À ma connaissance tu dois tout réinstaller  :Sad: 

----------

## xaviermiller

oui. Et partir d'un kernel 64 bits.

----------

## Biloute

Et pour tout réinstaller, il faut obligatoirement un live CD 64bits.

----------

## El_Goretto

C'est dans ces cas là qu'avoir un /home séparé et mis de côté /etc et /var/lib/portage/world rend le passage en 64 bits beaucoup moins pénible  :Smile:  (sauf en période de grosse chaleur...)

----------

## guilc

 *El_Goretto wrote:*   

> C'est dans ces cas là qu'avoir un /home séparé et mis de côté /etc et /var/lib/portage/world rend le passage en 64 bits beaucoup moins pénible  (sauf en période de grosse chaleur...)

 

Toutafé, mais attention, dans /etc il y a des chemins qui changent (des /usr/lib qui deviennent /usr/lib64 et autres). Un merge avec un peu de finesse est plus conseillé qu'un gros écrasement comme un violent  :Wink: 

----------

## El_Goretto

+1,'videmment, rien que le make.conf aurait fait tilter le gentooiste attentif  :Wink: 

----------

## gbetous

Ok merci à tous.

C'est donc le projet de tout un week-end qui m'attend ! On va garder ça pour les vacances   :Cool: 

Je passe tout de même à ma 2e question :

- Y a-t-il encore des cas un peu délicats quand on est en 64 bits ? Je pense au pb du Flash qui est maintenant résolu, mais en reste-t-il encore ?

----------

## guilc

 *gbetous wrote:*   

> - Y a-t-il encore des cas un peu délicats quand on est en 64 bits ? Je pense au pb du Flash qui est maintenant résolu, mais en reste-t-il encore ?

 

Le problème du flash n'est PAS résolu ! La situation à l'heure actuelle : une version flash 64 bits (10.0) avec un trou de sécurité, une version 32bits (10.1) corrigée.

Les solutions :

1) rester en 10.0 (hardmaské) et utiliser flashblock pour n'activer flash que là ou ça sert (deezer, youtube, etc...) et pas sur les flash à la con.
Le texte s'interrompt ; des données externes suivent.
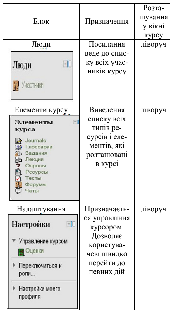
Таблиця 1 – Елементи дистанційного курсу

Курс поділений на тижні відповідно до графіка навчального процесу в семестрі. Для зручності лекційний матеріал розподілений за окремими питаннями плану лекції. Також представлені презентації, які є відеорядом до кожного лекційного заняття. Логічна схема побудови електронних лекційних презентацій, застосовувана для всього курсу хімії, полягає в такому: перший слайд – це завжди тема лекції; другий – план проведення лекційного заняття або загальне пояснення до теми; наступні слайди містять ілюстрації, приклади практичного застосування об'єкта вивчення; зразки тестових завдань з досліджуваного блоку дисципліни; останній слайд – підсумок, тобто виділяється те головне, що повинно бути зрозуміле й залишитися в пам'яті.

Perso, je fais ça.

2) utiliser flash 10.1 32 bits avec ndiswrapper : pas stable, crashe souvent

3) utiliser flash 10.1 32 bits avec un navigateur binaire 32 bits (beurk)

Bref, flash ça pue c'est pas libre, et ça emm****** le monde !

Sinon, rien à signaler, tout tourne en 64 bits, et pour le reste (genre appli très spécifique du genre http://gentoo.xwing.info/media-gfx/bibble5/ ) il y a toujours les libs de base en 32 bits pour faire tourner ces binaires.

----------

## xaviermiller

Aucun souci en multilib. En no-multilib, tu peux te brosser sur les applis propriétaires et wine.

----------

## netfab

 *XavierMiller wrote:*   

> En no-multilib, tu peux te brosser sur les applis propriétaires et wine.

 

C'est à dire ? Wine est censé être compatible 64bit depuis quelques temps maintenant. Tu veux dire les applis propriétaires avec wine ?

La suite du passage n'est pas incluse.